(Collection entries)
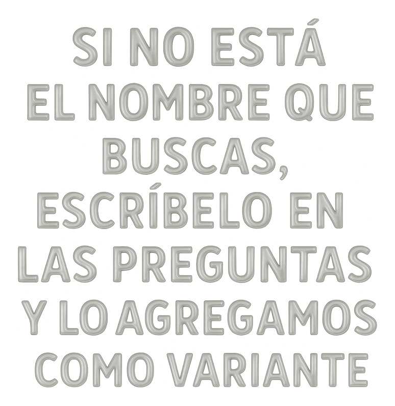 Déjalo en la caja de preguntas y lo agregamos de inmediato, sin costo adicional. (quedará agregado en la publicación que corresponda según la cantidad de letras que tiene el nombre que buscas; Si no corresponde a esta publicación, encuentra las otras publicaciones en nuestra página pulsando el botón «ir a la página del vendedor».
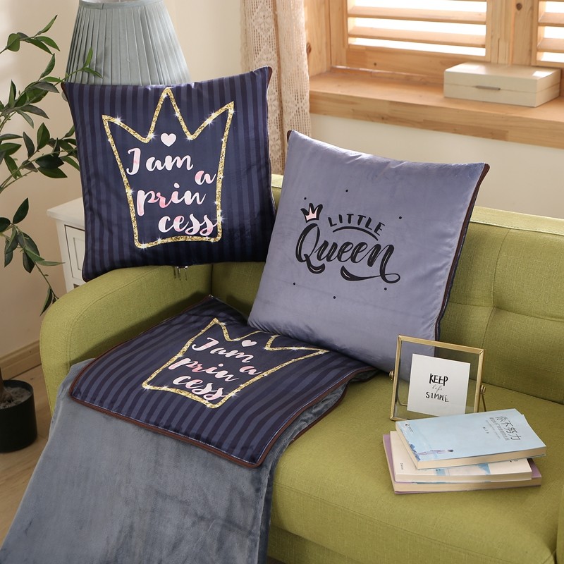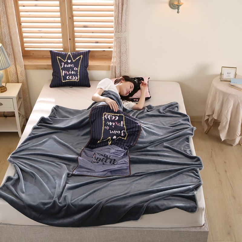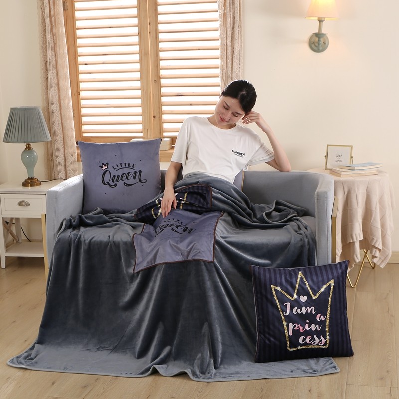 素玖抱枕被 2023新款外面水晶绒里面灰色法兰绒毛毯抱枕毯 皇冠
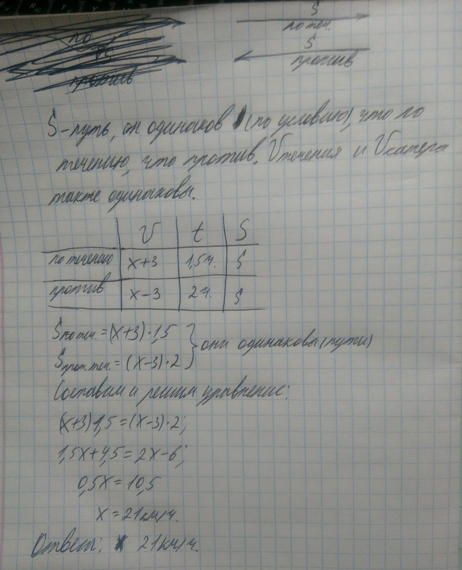 Если против течения, то нужно вычесть, т.к. течение будет его замедлять
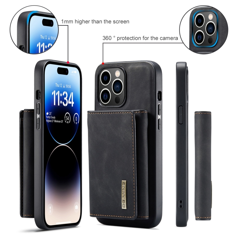 Funda para teléfono Dg.Ming M1 Series iPhone 15 Pro Max con billetera múltiple de 3 pliegues (Negro)
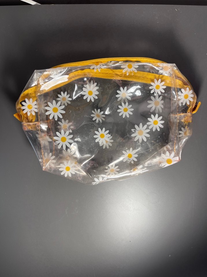 Şeffaf malzemeden yapılmış, sarı fermuarlı ve renkli papatya desenli makyaj çantası. Günlük kullanım için uygun, minimalist ve bohem tarzı yansıtır.
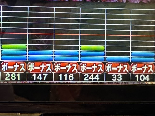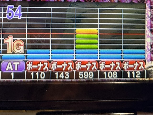 やはり、ボーナスが下手くそすぎた。7回目のボーナスでAT当選と相も変わらず下手くその極みだった。ハマリも出てきたので設定6の可能性も怪しくなってきた。
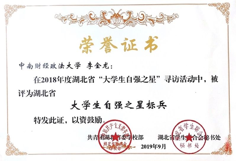 我校获得2018年度湖北省“大学生自强之星标兵”的李金龙同学用他的实际行动奏响了一曲奋斗青春之歌。来自甘肃偏远地区的他秉持着“你只需低头努力,剩下的交给时间”的座右铭,大一时加入KAB大学生创业俱乐部,从兼职代理开始做起,加入师兄团队共同创业。度过了无数个吃不上午饭的周四,熬过了无数个无眠之夜。三年来遭遇多次失败,亦又多次重新出发。先后主导创业项目11个,现与团队一起稳定运营项目5个,累计盈利上千万。从“全国大学生创业英雄百强”到“全国KAB创业俱乐部主席20佳”;从“武汉市洪山区创新创业好人”到作为青年代表参加2018联合国亚太青年领导力与创新创业论坛;从第三届“建行杯”全国财经院校创新创业大赛特等奖到“第五届中国“互联网+”大学生创新创业大赛湖北省金奖、全国铜奖,他在创业道路上获得了40余项奖项和荣誉,同时为学校贫困生提供勤工助学岗位400余个,支付勤工助学资金100余万,带动身边60余人参与创业实践,用实际行动诠释着中南大创客的奋进风采。
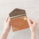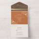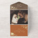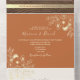 Élégant, boho, moderne, simple faire-part de mariage tout-en-un en terre cuite avec dentelle florale en faux or et photo personnalisée du couple à l'arrière. Ajoutez votre photo, les détails du mariage et rsvp.
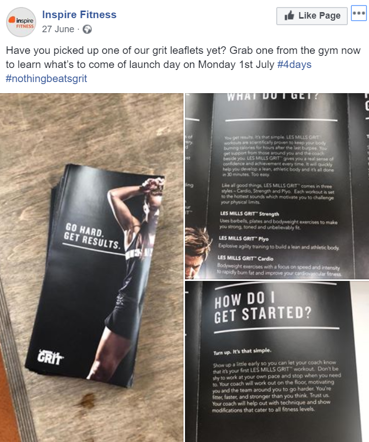Leading up to the event, Inspire Fitness used social media to promote the launch, using a hashtag countdown and #NothingBeatsGRIT as well as sharing LES MILLS GRIT videos and printing leaflets downloaded from Brand Central. Barry states, “We love Brand Central, we use it all the time to download marketing assets to promote our classes, it’s got everything you need.”

→ Exercise
With pictures removed, write out exactly each line of the entries from the first through the line that holds "Şeffaf malzemeden yapılmış, sarı".

→ Written solution
 Déjalo en la caja de preguntas y lo agregamos de inmediato, sin costo adicional. (quedará agregado en la publicación que corresponda según la cantidad de letras que tiene el nombre que buscas; Si no corresponde a esta publicación, encuentra las otras publicaciones en nuestra página pulsando el botón «ir a la página del vendedor».
 素玖抱枕被 2023新款外面水晶绒里面灰色法兰绒毛毯抱枕毯 皇冠
 Если против течения, то нужно вычесть, т.к. течение будет его замедлять
 Funda para teléfono Dg.Ming M1 Series iPhone 15 Pro Max con billetera múltiple de 3 pliegues (Negro)
 Şeffaf malzemeden yapılmış, sarı fermuarlı ve renkli papatya desenli makyaj çantası. Günlük kullanım için uygun, minimalist ve bohem tarzı yansıtır.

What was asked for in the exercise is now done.